Hundreds of thousands of union members protest pension reform in France
(Update 1: Reledes, rewrites, adds info on demonstrations, violence)
Paris, May 1 (EFE).- French unions took to the streets on Monday, with hundreds of thousands of people turning out on May 1 in a new show of force against pension reform, the 13th such demonstration so far this year.
The leaders of the unions, which marched and demonstrated together – something that has not occurred since May 1, 2009 – called the turnout “historic”, although violent groups took advantage of the situation to create a certain amount of mayhem.
The General Confederation of Labor (CFT) said that 2.3 million people demonstrated around the country – 550,000 of them in Paris – which according to its own tally would be the second record-setting day in terms of turnout since the movement against pension reform got under way on Jan. 19.
On the other hand, the French Interior Ministry said that 782,000 demonstrators hit the streets across France, with 112,000 of them marching in the capital.
Although the marches transpired without incident in the great majority of the 300 or so that were organized throughout the country, there were assorted clashes in Nantes, Lyon, Angers, Toulouse and, in particular, in Paris.
Interior Minister Gerald Darmanin told reporters shortly before 8 pm that 108 security personnel had been injured in the clashes and 291 people had been arrested, adding that “this violence must be condemned by everyone.”
Nineteen police officers were injured in Paris, where clashes were continuing late in the afternoon and early evening near Place de la Nacion.
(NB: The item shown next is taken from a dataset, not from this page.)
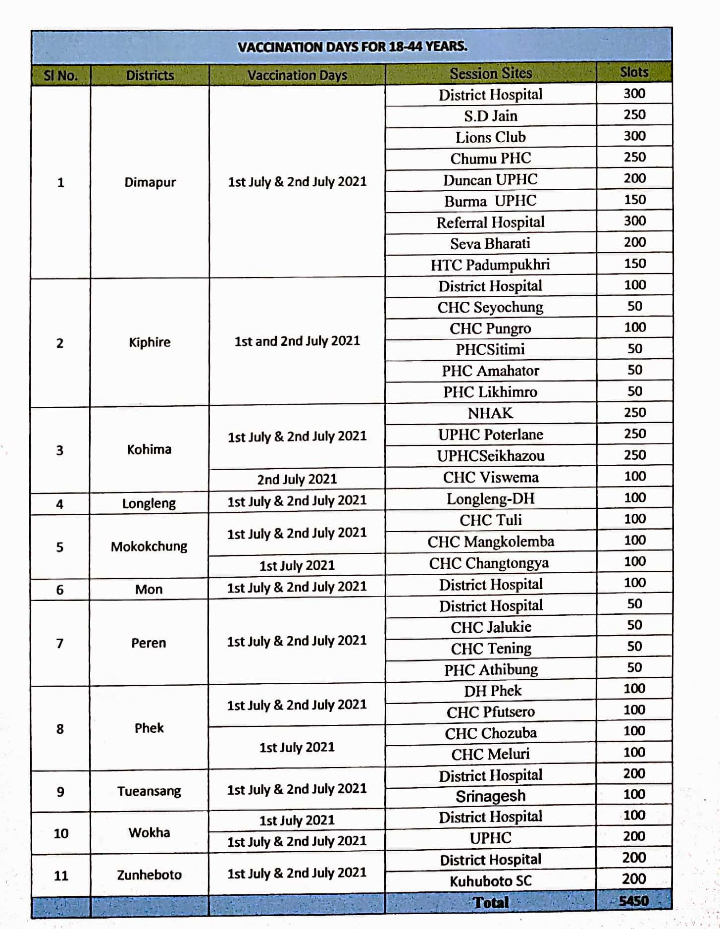 Kohima, June 29 (MExN): The Directorate of Health and Family Welfare Nagaland has informed that the CoWIN portal will open from 9:00 am onwards on June 30 for booking slots for vaccination appointments for the 18-44 years age group. Slots will be open for vaccination days scheduled on July 1 and 2, it said.

Darmanin said that he hoped that the authors of the attacks on police and property would receive “firm punishment” and emphasized that for months the presence of members “of the ultra-left” has been noted at the protests, asserting that some 2,000 such demonstrators were now mobilized.
In the capital, skirmishes between security forces and radical groups were continuous all during the march between the Place de la Republique and Place de la Nacion, with the demonstrators smashing store and bank windows and burning trash bins and all sorts of urban furniture.
Police fired tear gas and, toward the end of the march, used water cannons to disperse the rioters and also to extinguish a fire that broke out – or was set – in the basement of a building on the Place de la Nacion.
One police officer was serious burned when he was struck with a Molotov cocktail.
The forces of order used drones to monitor the marches, a move that had sparked controversy in recent days and which motivated some people to turn to the courts to prevent it, arguing that the use of such devices curtails public freedoms.
The courts, however, did not agree with those claims with the single exception of the city of Rouen, where magistrates limited the amount of time and the area in which police could use drones to the immediate site and duration of the demonstration there.
According to the Prefecture in the Department of the Rhone, using drones enabled law enforcement authorities to arrest about 30 people who were causing incidents in Lyon.
A total of 12,000 police were deployed around the country by the Interior Ministry, 5,000 of them in Paris.
Before the Paris march began, the head of the French Democratic Confederation of Labor (CFDT), the country’s largest union, Laurent Berger, had reiterated his condemnation of “any form of violence against property and persons,” at the same time that he said that that was not what attention should be focused on.
The objective of the unions – above all – was, he said, to reiterate their rejection of the pension reform implemented more than two weeks ago that raised the minimum retirement age from 62 to 64, a move by the government of President Emmanuel Macron that has enabled the unions to remain united.
But that unity could begin to fracture, with Berger saying that he will attend a meeting that is expected to be called in the coming days by Prime Minister Elisabeth Borne to discuss other issues, an attempt by the government to turn the page on a crisis that has plunged it into a disturbing paralysis.
The head of the CFT, France’s second-largest union, Sophie Binet, although she agreed with Berger on the urgency of addressing the adjustment of salaries and wages, as workers lose purchasing power due to inflation, said she was less willing to meet and discuss non-pension related issues with the government.